Playing her feels like playing with my inner child who remembers being bullied as a kid; who remembers having imaginary friends who were wolves and horses, not humans; who remembers no understanding of how to fit in; who remembers thinking she was part of a group only to be pushed out without explanation. In a recent private conversation with another character, Madame Zandra, who she just learned is also a witch, Tris experienced profound love and understanding. The scene was more powerful for me than I could have imagined a scene could be. I cried in character and out of character, as healing acceptance was given to Tris. The fact that my kid, Demetri, as the DM playing the character of Madame Zandra, was the one who played out the healing love given to Tris left me with such deep pride for who Demetri is as a person and as a talented DM.
As I play Tris I am getting to fully dive into my imaginative side which I adore. All of the DnD I have watched with my kids has helped me understand how to fully enter into BEING my character while I play. It’s like playful, healing, persona work and I am LOVING IT!
As much as I love what DnD has become for me and for the healing I am allowing myself to move through in a playful, creative way, what I love the absolute most is what it has become for my kids and me as a family. We have something to do now together that we all not only enjoy but that we absolutely love. Do you know how incredibly awesome it is to have something like this with adult children? To have something that isn’t just a game to play but is really a passion for each and every one of us? DnD has given us a common language to share, even when there are other areas of our lives and their growing up that have pulled us in different directions. We get to revel in the creativity of each other. We get to share ideas, write stories together, and have a great time every single time we play. DnD truly is the BEST gift the pandemic gave to me and my kids.

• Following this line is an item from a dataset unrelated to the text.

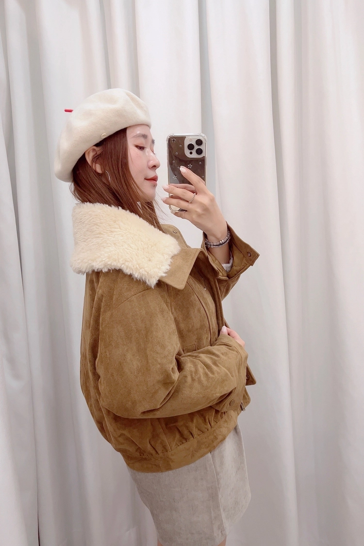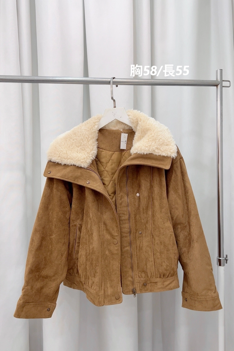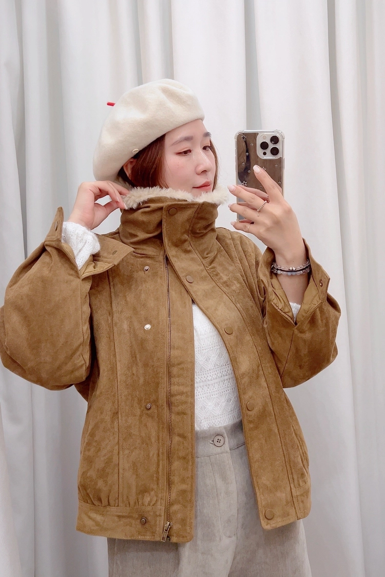 大立領翻領鋪棉麂皮外套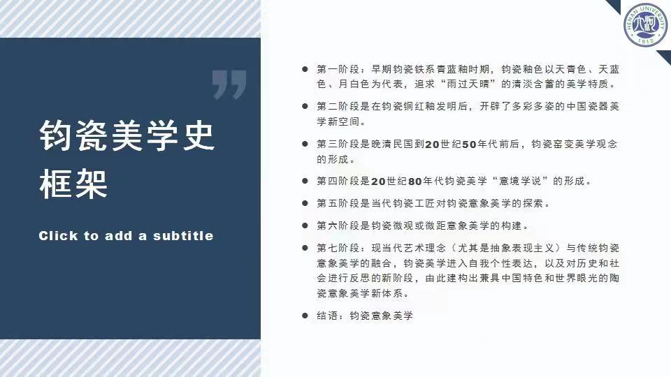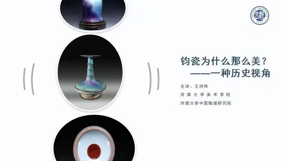 主讲人王洪伟立足钧瓷发展全史,阐释了当代中国钧瓷的意象美学。讲座分七个阶段讲述钧瓷美学特征:第一阶段:早期钧瓷铁系青蓝釉时期清淡含蓄的美学特质。第二阶段:钧瓷铜红釉创烧后,开辟多彩多姿的中国瓷器美学新空间。第三阶段:晚清民国到1950年代前后,钧瓷窑变美学观念形成。第四阶段:1980年代钧瓷美学“意境学说”形成。第五阶段:当代钧瓷工匠对钧瓷意象美学的探索。第六阶段:钧瓷微观意象美学构建。第七阶段:现代艺术理念与传统中国钧瓷意象美学的融合。

So, my invitation to everyone out there is this. Be willing to be surprised by something new! That very thing that maybe doesn’t make sense right now, might just bring you more joy and connection than you ever could have imagined. It might lead to your personal healing and to healing relationships in a profound way. It can be easy to drift away from our kids as they grow. I am grateful that DnD has given me the joyful opportunity to grow closer to my kids in THEIR world. One of the BEST things I’ve ever done as a parent and as a person committed to her own growth was saying “Okay, I will try it.” I honestly can’t imagine my life without DnD. One of the biggest surprises of my life!